** YOUR OBJECTIVE **
Look through the data below and output, unchanged, every line from the one holding "マゴソスクールで勉強する様子" through the one holding "Figure 2: Bovins", inclusive. Skip the pictures.

DATA PROVIDED: Begin

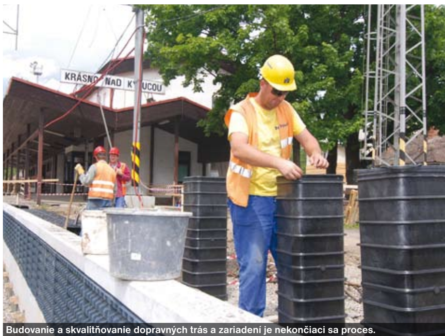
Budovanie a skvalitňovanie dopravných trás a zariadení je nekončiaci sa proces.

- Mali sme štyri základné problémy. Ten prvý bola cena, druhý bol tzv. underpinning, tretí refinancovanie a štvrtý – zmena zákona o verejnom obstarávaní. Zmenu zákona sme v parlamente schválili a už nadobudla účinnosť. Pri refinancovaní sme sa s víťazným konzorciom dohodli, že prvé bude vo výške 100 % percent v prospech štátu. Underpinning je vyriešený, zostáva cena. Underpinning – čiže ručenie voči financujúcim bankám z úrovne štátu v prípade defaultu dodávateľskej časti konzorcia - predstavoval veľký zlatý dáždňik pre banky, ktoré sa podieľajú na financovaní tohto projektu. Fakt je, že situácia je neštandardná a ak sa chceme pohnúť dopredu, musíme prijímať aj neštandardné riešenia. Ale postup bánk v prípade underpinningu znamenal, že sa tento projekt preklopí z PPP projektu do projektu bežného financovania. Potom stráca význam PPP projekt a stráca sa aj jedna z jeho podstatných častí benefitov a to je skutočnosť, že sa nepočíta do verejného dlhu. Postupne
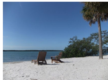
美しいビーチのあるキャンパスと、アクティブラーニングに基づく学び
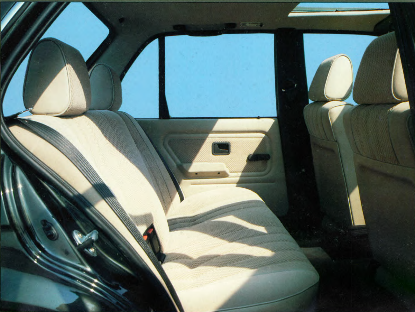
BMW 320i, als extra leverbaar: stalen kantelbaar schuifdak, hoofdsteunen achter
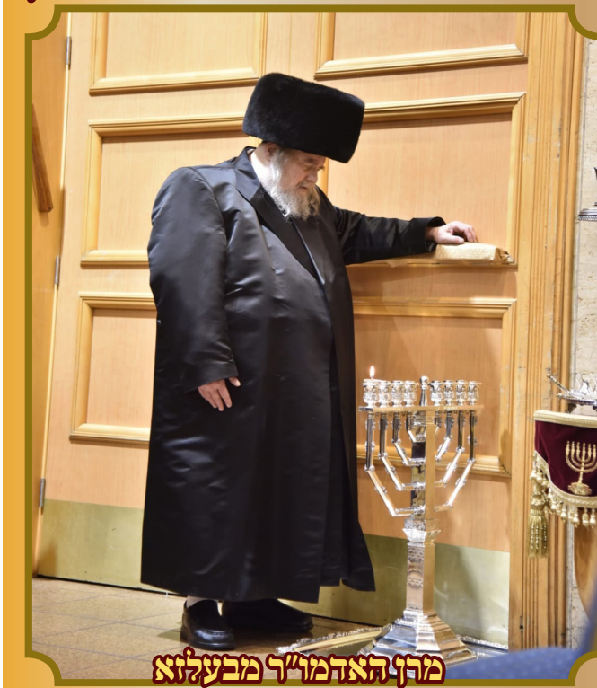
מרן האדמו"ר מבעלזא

DATA PROVIDED: End
DATA PROVIDED: Begin

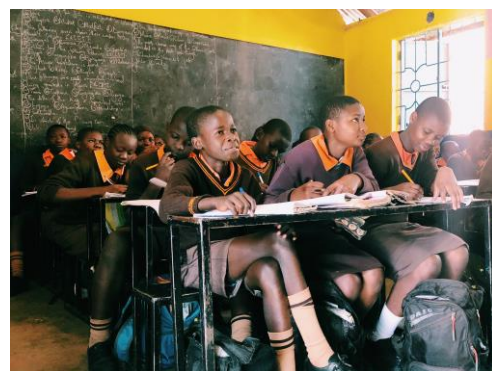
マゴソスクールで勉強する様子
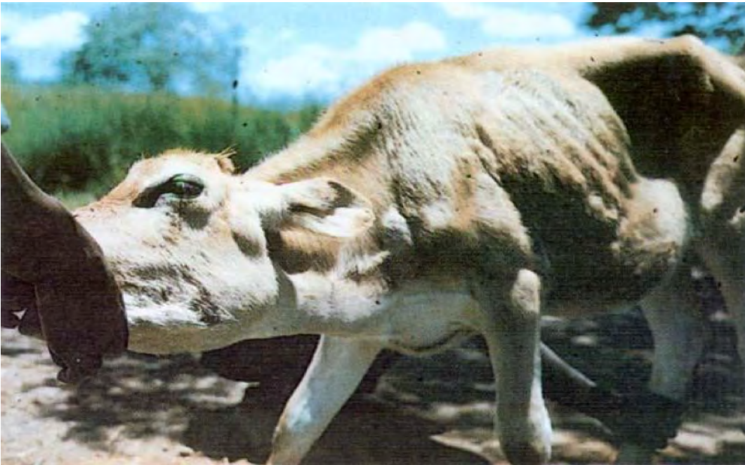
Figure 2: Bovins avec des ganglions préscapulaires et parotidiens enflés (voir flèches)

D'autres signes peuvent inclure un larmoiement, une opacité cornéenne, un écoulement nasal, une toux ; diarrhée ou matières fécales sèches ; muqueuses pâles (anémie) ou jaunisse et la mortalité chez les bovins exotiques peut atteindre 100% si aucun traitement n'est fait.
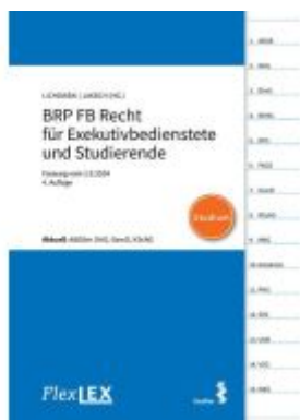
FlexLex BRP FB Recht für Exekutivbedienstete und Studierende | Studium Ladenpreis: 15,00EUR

DATA PROVIDED: End
DATA PROVIDED: Begin

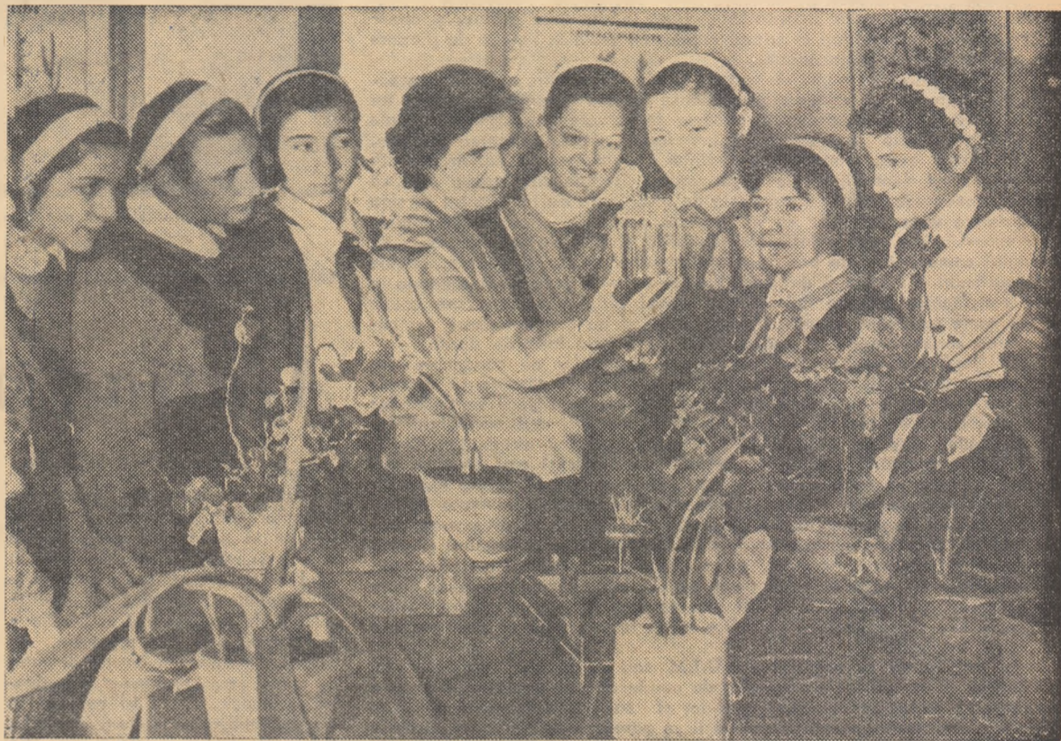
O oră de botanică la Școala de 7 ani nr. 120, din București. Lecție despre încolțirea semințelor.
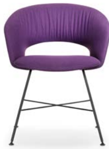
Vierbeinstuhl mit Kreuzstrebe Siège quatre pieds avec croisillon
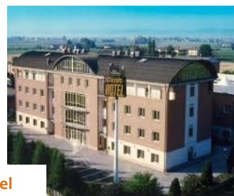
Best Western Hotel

DATA PROVIDED: End

** RESULT FOR THIS EXERCISE **
マゴソスクールで勉強する様子
Figure 2: Bovins avec des ganglions préscapulaires et parotidiens enflés (voir flèches)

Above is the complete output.